As mentioned above, our average realized log price for the first nine months of 2012 decreased $31 per MBF, or 5%, from $568 per MBF in 2011 to $537 per MBF in 2012. Within this total, Douglas-fir log prices decreased $35 per MBF, or 6%, from $612 per MBF in 2011 to $577 per MBF in 2012, while whitewoods decreased $55 per MBF, or 10%, from $549 per MBF in 2011 to $494 per MBF in 2012. Across all species, export log prices dropped $37 per MBF, or 6%, from $625 per MBF in 2011 to $588 per MBF in 2012. In addition, while there was a healthy spread of 11%, or $64 per MBF, between export and domestic log market pricing in the first nine months of 2011, that spread has narrowed to 6%, or $31 per MBF, in 2012's year-to-date period.

Our Timberland Management & Consulting (TM&C) segment generates revenue through the management of three private equity timber funds, which are consolidated into the Partnership's financial statements due to the Partnership's role as general partner or managing member of the funds. Consolidating these funds into the Partnership's financial statements results in the elimination of all management fees earned by the Partnership, with a corresponding decrease in the funds' operating expenses related to the management fee as recorded in the Fee Timber segment. The first two funds collectively have $171 million in assets under management following acquisition of 61,000 acres of commercial timberlands between 2006 and 2010. Capital-raising for our third fund exceeded expectations, resulting in a final close in early August 2012 that brought the fund size to its revised maximum commitment level of $180 million. Our portion of this capital commitment is $9 million, of which $90,000 has been invested and the remainder will be drawn as properties are acquired over the fund's three-year drawdown period.

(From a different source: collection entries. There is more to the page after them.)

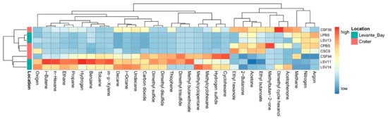 To evaluate whether the differences between the two sampling sites, in terms of composition of the bacterial community, can be possibly correlated to the gas emissions present in these areas, a CA analysis was performed on the samples on the basis of the gas emissions (Figure 4b). In this case, the samples LSV11 and LSV14 appeared to be similar to each other, as did LPBS, CPBS, and LSV13, whereas the other samples were separated. Permutational multivariate analysis of variance resulted in a p-value = 0.97, showing no interstitial gases differences between the sampling sites.
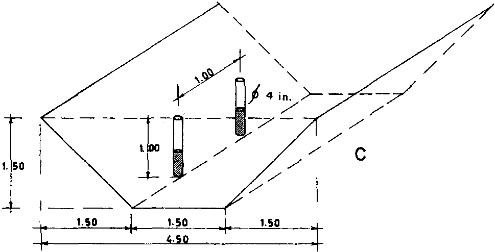 In Surinam, the post-hole method was used to advantage when it was necessary to extend the ditch through higher, relatively dry sections of the swamp. Holes are dug with spades, punched with heavy sticks or drilled with soil augers. The loads are usually made up in part of 5-lb RC cartridges, each accompanied by at least 1 stick of DD to ensure detonation.
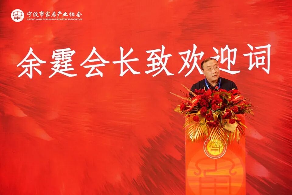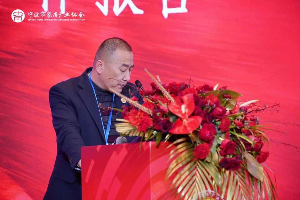 会上,余霆会长首先为本次会议致辞。致辞中余霆回顾了过去的2023年,是几经波折的一年,是新冠疫情后、全力拼经济的一年。制造企业、全案企业、跨境电商企业及整个家居上中下游产业链在全球需求萎缩、流通氛围低迷等多重考验下,不断调整,逐渐进入稳定期。肯定了在产业发展的进程中,我会积极求变、主动破局,各大版块取得的长足进步。肯定了我会在制造业领域、全案设计领域、跨境电商领域取得的显耀成绩。2024年,我们将以工业和信息化部、住房和城乡建设部、商务部、市场监管总局联合出台的《推进家居产业高质量发展行动方案》为总纲,加快落实《浙江省“415X”先进制造业集群建设行动方案(2023—2027年)》、《宁波市加快打造“361”万千亿级产业集群行动方案》,以协会为众创平台,以共同富裕为愿景,开启新一轮的商业模式创新和产业协同创新。
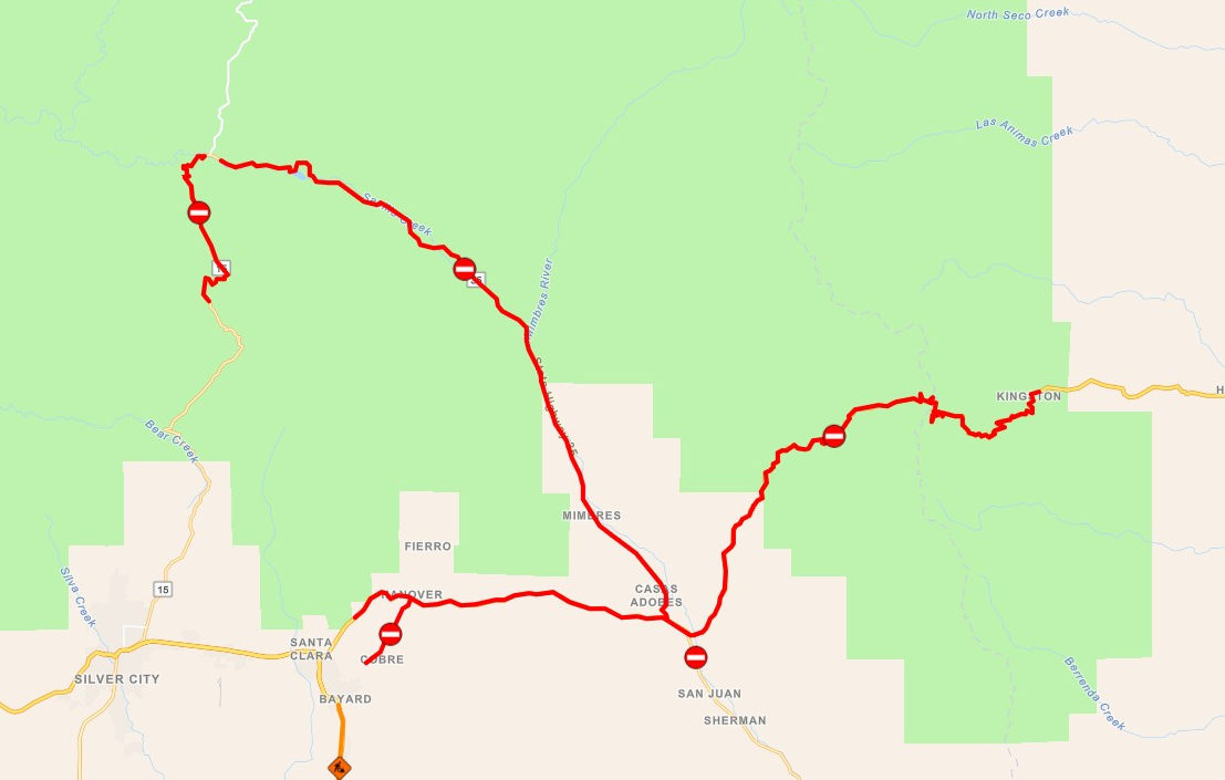 - Closure, NM 152 eastbound from mile marker 2, 2 miles east of Santa Clara to mile marker 40, Kingston. Closed due to forest fire. Roadway to be used for evacuations only.
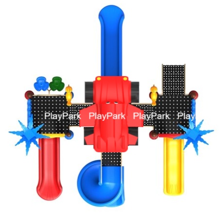 Комплектация: Лестница с поручнями (большая), две Лестницы с поручнями (малая), Башня с крышей "ТАЧКА", две Башни без крыши, Горка прямая (Н=1,5м), две Горки прямые (Н=1м), Горка винтовая (Н=1,5м), Балкон, лестница для подъема "Ёлочка", комплекс украшен декоративными яркими элементами.
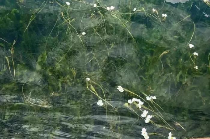清澈的湖水中点点白花随波荡漾,似繁星,似碎玉,阳光下熠熠生辉。
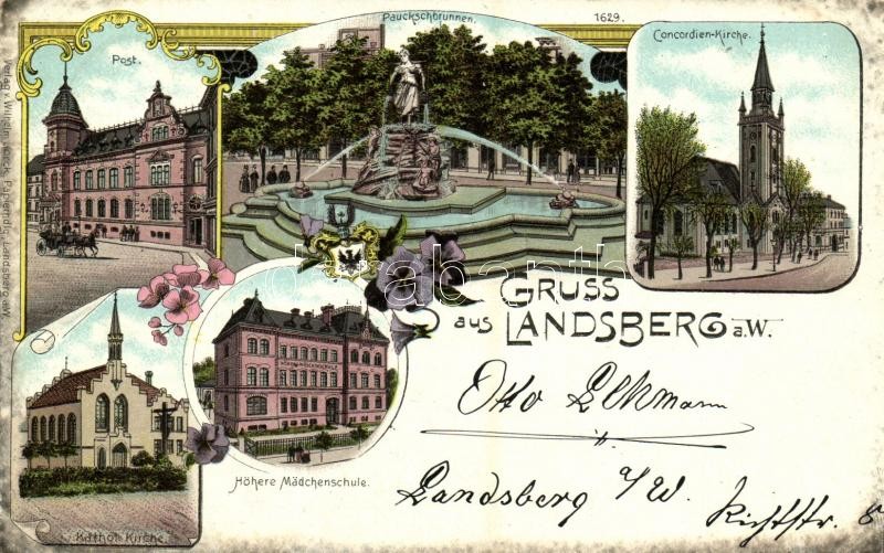1898 Gorzów Wielkopolski, Landsberg an der Warthe; Post, Pauckschbrunnen, Concordien-Kirche, Kathol. Kirche, Höhere Mädchenschule / post office, fountain, churches, girls school. Verlag v. Wilhelm Jorck 1629. Art Nouveau, floral, litho

After eliminating $1.6 million of timber fund management fees for both nine-month periods ended September 30, 2012 and September 30, 2011, respectively, TM&C had no reportable revenue for either period. Operating losses generated by the TM&C segment for the nine months ended September 30, 2012 and 2011 totaled $1.2 million and $1.1 million, respectively, after eliminating revenue earned from managing the Funds.

Our Real Estate segment posted operating income of $3.0 million for the quarter ended September 30, 2012, compared to an operating loss of $393,000 for the comparable period in 2011. Results for the current quarter included the $2.9 million sale of two acres underlying our Poulsbo headquarters building, a 1,900-acre conservation easement sale for $1.2 million, and two smaller land sales, while results for the corresponding quarter in 2011 included 1 small land sale.

On a year-to-date basis in 2012, the Real Estate segment generated an operating loss of $10.7 million, which included a $12.5 million second quarter accrual for environmental remediation liabilities, compared to operating income of $414,000 for the comparable period in 2011 that also included a much smaller environmental remediation accrual of $346,000. Year-to-date results for this segment in 2012 included the aforementioned third quarter sales, while the 2011 results reflected a 386-acre conservation land sale that generated $2.0 million of revenue, and $1.7 million in operating income plus five smaller land sales.

General & Administrative expenses of $3.0 million for the first nine months of 2012 were 6% lower than the $3.2 million reported for the same nine-month period in 2011. This decrease was attributable to no single dominant factor, but rather a number of expense categories fluctuated up-and-or-down between year-to-date comparisons with the aggregate total slightly lower.

We anticipate that our harvest volume for 2012 will be between 80 and 82 MMBF, with the final total depending on weather conditions and the strength or weakness of log markets as we transition to winter. As winter sets in, the accumulation of snow in higher elevations tends to decrease log supply as these lands become difficult to access for harvest operations. This harvest volume total for the year includes the aforementioned second quarter 4.4 MMBF timber deed sale.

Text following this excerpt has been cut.